Thursday, October 11, 2012

2012 Soaring Eagle book award nominees

It's already been a very busy fall in the Teen Room, with school visits, outreach programs, and regular clubs and activities.  Now that we are nearing mid-October, we are preparing to  celebrate Teen Read Week -- a national campaign sponsored by the Young Adult Library Services Association to encourage teens to "read for the fun of it." Unfortunately, teens are often required to read books they don't really enjoy -- a pattern that leads to a dislike for reading that lasts well beyond high school. Librarians -- and probably, many teachers and parents -- would like to shift the focus so that, by encouraging teens to read materials they enjoy, they will naturally build the amount of reading they do, leading to higher comprehension and fluency.

One great way Wyoming libraries do this is through the Soaring Eagle book award program, sponsored by the Wyoming Library Association and the Wyoming Reading Council. As I've stated before in this blog, this book award program takes its nominations and it voting results directly from Wyoming students in grades 7 through 12.  Students submit titles for nominations in the spring; once those titles are reviewed by a committee, a final list is presented to teens the next fall.  Those teens who read at least three titles on the list are then encouraged to vote for their favorite the following March.

Because the nominations come directly from teens, these titles are more likely to grab their attention and help them enjoy what they are reading -- in other words, to "read for the fun of it."

This year, there are 14 titles on the list of nominations. While not all of them are funny, they are engaging, suspenseful, and thought-provoking -- all qualities of good literature.  Teens, if you are looking for something new to read, give one of these titles a try:  they are all nominated by kids your age, so what better recommendation can there be?  Parents and teachers, why not try a title or two yourself?  Depending on the title you choose, you may be surprised at the quality and insight of the writing.

This week, I'll focus on only two of this year's nominees, and I'll start with the two that are the most "fun." There will be plenty of time to get to the more serious nominees later!

Lost Hero by Rick Riordan:  Fans of Percy Jackson and the Olympians will be pleased to know that the adventures continue in this spin-off of Riordan's best-selling series.
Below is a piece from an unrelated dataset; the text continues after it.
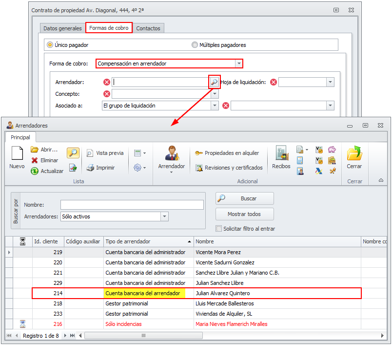 Al escoger la forma de cobro "Compensación en arrendador", se permite elegir arrendadores que se administran con cuenta bancaria del arrendador

The five-book Percy Jackson series brought the gods and monsters of Greek mythology into a modern, real-world setting.  In Lost Hero, Percy Jackson has disappeared, and a mysterious boy named Jason Grace enters the scene. The problem is, Jason has amnesia, so cannot remember who he is, or why is in on a Wilderness Bus headed to the Grand Canyon. The truth is revealed, however, and Jason and his two friends soon discover their demigod status, as well as their quest to save the gods from disaster. Riordan's writing style is fast-paced and suspenseful, with just enough humor to keep both teens and adults entertained.  Already there are two sequels to Lost Hero: The Son of Neptune and Mark of Athena. Try the entire Heroes of Olympus series if you are a fan of Riordan's other work; this is also a great choice for fans of the 39 Clues series who are ready for something a bit older.

Middle School, the Worst Years of My Life by James Patterson:  Patterson, famous for his novels for adult and older teen audiences, turns his attention to a younger teen audience with this new series.  The main character, Rafe Khatchadorian, struggles with his home life, but middle school is no better. Together with his only friend, "Leo the Silent," Rafe hatches a plan to make his sixth-grade year the best ever, by breaking every school rule listed in the code of conduct.  Adding both humor and perspective to Rafe's narration are the in-text illustrations by artist Christopher Tebbetts.  Borrowing from the example of Sherman Alexie's Absolutely True Diary of a Part-Time Indian, which was written for an older audience, Patterson teams with Tebbetts to create an illustrated novel that tackles difficult subjects by interjecting healthy doses of levity.  Give this novel, and its sequel, Middle School: Let Me Out of Here!, a try if you are a fan of Jeff Kinney's Diary of a Wimpy Kid series.

Hopefully, these first two entries in our list of 2012 Soaring Eagle nominees will entice reluctant teens to read a novel just "for the fun of it."